Toobin gasps. ‘Uh, there are no surprises out there about my conduct that I am worried, that-that there is like a-there’s a skeleton that’s gonna be found…um, y-y’know I live in the world, I know social media, what-what the reactions are likely to be, I assume, I hope they will be at least mixed, but, uh, and so, people can claim what they want, but I don’t think there is any, uh, anything further that’s gonna come out.’

‘Do you think, given that, that the punishment fits the crime?’ asks Camerota.

‘You know, I-I am the worst person to ask that question,’ says Toobin, a 27-year expert in punishment. ‘I know, I mean obviously I love the New Yorker, I loved working there. I-I felt like I was a very good contributor to that magazine for a very long time, and I thought this punishment was excessive, but, look, you know, that’s why they don’t ask the criminal to be the-to be the judge of his own case. I mean I, uh, I thought it was an excessive punishment. I am incredibly grateful to CNN for taking me back. But, you know, other people are gonna weigh in about whether it was appropriate for them to get rid of me and for CNN to keep me.’

‘Other people have weighed in,’ says Camerota.

‘Yes indeed,’ says Toobin.

‘Late-night talk shows had a field day,’ says Camerota.

‘But you know what, how about two segments on Saturday Night Live about me, that’s like…anyway,’ replies Toobin.

‘How unpleasant was that?’ asks Camerota. ‘Did you see it? Did you watch it?’

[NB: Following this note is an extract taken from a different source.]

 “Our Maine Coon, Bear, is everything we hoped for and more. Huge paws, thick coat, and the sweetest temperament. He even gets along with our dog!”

‘I actually did not watch it,’ replies Toobin. ‘I-I-I…sort of read transcripts, and I guess I saw a little YouTube of it. Um, you know, I-I try…I-I’ve- one thing about all this is I’ve never thought of myse- even when I was a prosecutor, as someone who was a particular hardass, who was someone who was like, wanted to punish everyone to the maximum extent of the law, and also, y’know as a journalist, I have been aware that, y’know, not every crime deserves the death penalty. So I-I don’t think there’s a lot of hypocrisy involved in a claim for leniency on my part, but it is true that, y’know, people have fun with this, and, y’know, I’m enough a person in the world to know, y’know, that people were gonna have fun with this.’

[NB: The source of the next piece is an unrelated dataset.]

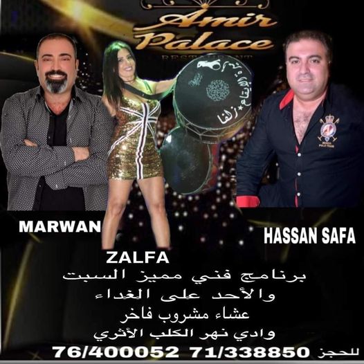 ما زالت أجواء ” مطعم ” أمير بالاس ” – وادي نهر الكلب الأثري لصاحبه الأستاذ هشام الأمير تتألّق بأجمل البرامج الغنيّة وبكثافة الساهرين الذين يؤمونه من مختلف المناطق لتمضية سهرة من أجمل ليالي العمر.

‘Well I mean, on that note, even O.J. Simpson took a swipe at you,’ says Camerota, clearly enjoying Toobin’s squeals. ‘And, uh, y’know, I think that it could be…unpleasant to be the butt of jokes, obviously, and so I’m wondering if you think that will somehow color your legal analysis in the future?’

‘I-I, you know, I really don’t think so,’ replies Toobin. ‘You know my dad used to say something, he used to say “you can judge a person by their enemies.” And if my enemy is O.J. Simpson, that is OK with me.’

The dominatrix has posted the full nine-minute clip to her Twitter profile, with the unassuming caption ‘My interview with @JeffreyToobin.’

Cockburn has a sturdy disposition and an open mind — but even he struggled to witness such depravity on national television. Is retaining a role at CNN really worth such a public and excruciating exposure? Hopefully Mistress Camerota keeps the ball-gag in for Toobin’s next appearance, to save him a few blushes.